Hmmm, a little bit confusing, for sureâ?¦.

 

Bank of Thailand, is what I call diddling with the foreign exchange rates.

 

For political reasons, and to keep the economy stable and prevent speculators.

 

They are not allowing the International or Internal rate, to float, freely in the world exchange markets. This is called Sanitizing, the exchange rates. They have pegged, the baht to their selected baskets of currencies, Japan, USA, HK, Singapore, Malaysia and Saudi Arabia, but NOT the world, as a whole.

 

They justify this as an attempt to provide internal PPP (Purchasing Power Parity). The Monetary Method they are using is called NEER/REER method.

 

I did learn about this in my Central Bank, studies, years ago, I do not read Thai so, I had a Thai friend, read the countries to me, from the following.

 

http://www.bot.or.th/English/EconomicConditions/Thai/Index/DocLib_EconomicIndices/REER-construction.pdf

 

The baht is weighted about 50% to the USD, YEN and SGD. (see chart in above URL),

 

This is truly unfair to other countries currencies, but special unfair to some such as NZD, AUD, GBP and Euro countries. If the baht, was to float freely in foreign exchange markets, the rate would be much different, more in line with Agricultural/Natural Resource economies AUD/NZD than to the USD/YEN/SGD. Just a guess on my part, maybe 45 baht to the USD and other currencies all come up, as well, in a free market exchange.

 

 

Investopedia explains Nominal Effective Exchange Rate - NEER...

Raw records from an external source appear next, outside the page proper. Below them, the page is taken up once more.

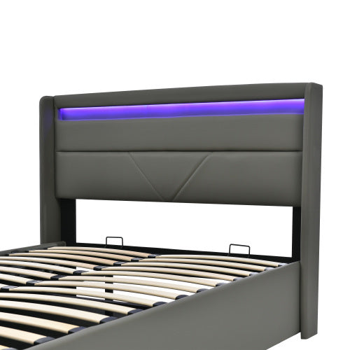 Product Name:Hydraulisch Stauraumbett mit LED-Beleuchtungsleiste, Doppelbett Bettgestell Polsterbett 140x200cm, Funktionsbett, Grau (Mit Matratze)
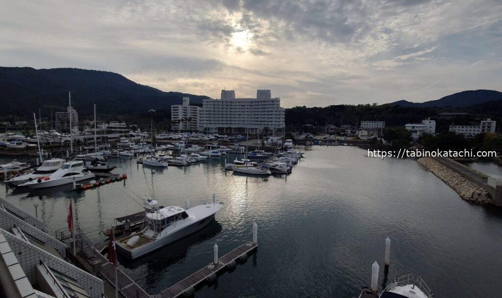 温泉が有名なホテルは、結構満室になっていて、ようやく落ち着いたのはこちら、洲本温泉 「海のホテル島花」。ホテルニューアワジ系列のお宿で、サントピアマリーナの目の前にあります。
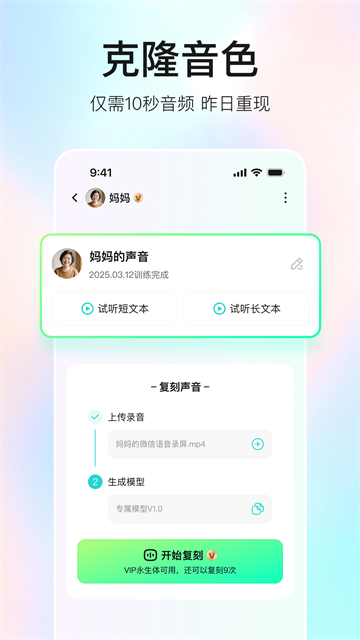 2、专属声音模型:利用深度学习和语音合成技术,基于上传的亲人音频资料,生成一个个性化的声音模型。复刻的声音让用户在现实生活中再次听到亲人的音色,带来温暖的回忆。
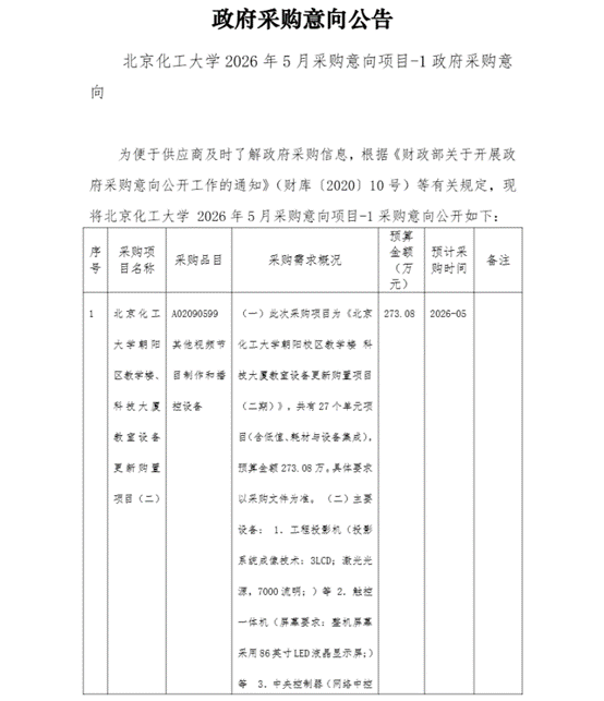 2026年5月政府采购意向项目-1
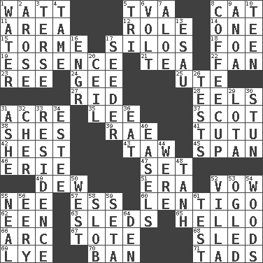 ACROSS 1. Electrical Unit 5. Federal power corp. 8. Feline 11. Length times width 12. Hero or heavy, e.g. 14. Single 15. Singer Mel 17. Grain storage towers 18. Enemy 19. Substance 21. Afternoon social gathering 22. Avid follower 23. Portuguese money of account (variant) 24. Turn to the right 25. Shoshoni 27. To free from 28. Snakelike fish 31. 1/640 square mile 35. Area sheltered from the wind 37. Native of Scotland 38. "______ My Girl" (Turtles hit) 39. Actress Charlotte 41. Ballerina skirt 42. Command 43. The 23rd letter of the Hebrew alphabet 45. Connect, as a bridge 46. One of the Great Lakes 47. Arrange properly for use 49. Morning condensation 51. Period 52. Solemn pledge 55. Born 57. Curvy letter 60. Small, flat, pigmented spot on the skin 62. Car or cant ending 63. Bobsleighs 65. Phone greeting 66. Curve 67. Carryall 68. Downhill vehicle 69. Potassium hydroxide 70. Prohibit 71. Small amounts or degrees DOWN 1. Wetness 2. Came up 3. Laconic 4. Docile 5. Three (prefix) 6. Electrical Unit 7. Medicinal plant 8. Java holder (2 wds.) 9. Small Philippine buffalo 10. Adolescent 13. He sold his birthright 16. Engineer (abbr.) 17. Sowing specialist 20. To provide with a ceiling 26. Trials 29. Globular water bottle used in Asia 30. Make senseless or dizzy 31. American tennis player Robert 32. "Mermaids" star 33. Dwelling 34. First name in cosmetics 36. Erode 40. Artist's stands 44. We are 48. Hyperbolic tangent 50. Compass direction 52. Country estate 53. Stared 54. Forest 55. Actress Patricia 56. Suggestive of the supernatural 58. Messy guy 59. Bristle 61. Trial 64. Lair
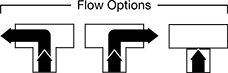 Valves with T-pattern flow can use any port as an inlet or an outlet. Turn the handle to direct flow from the inlet port to either outlet port at full capacity, direct flow to both outlet ports simultaneously at reduced capacity, or shut off flow completely.

The NEER represents the relative value of a home country's currency compared to the other major currencies being traded (U.S. dollar, Japanese yen, euro, etc.). A higher NEER coefficient (above 1) means that the home country's currency will usually be worth more than an imported currency, and a lower coefficient (below 1) means that the home currency will usually be worth less than the imported currency. The NEER also represents the approximate relative price a consumer will pay for an imported good.

 

Investopedia explains Real Effective Exchange Rate - REER...

This exchange rate is used to determine an individual country's currency value relative to the other major currencies in the index, as adjusted for the effects of inflation. All currencies within the said index are the major currencies being traded today: U.S. dollar, Japanese yen, euro, etc.

 

This is also the value that an individual consumer will pay for an imported good at the consumer level. This price will include any tariffs and transactions costs associated with importing the good.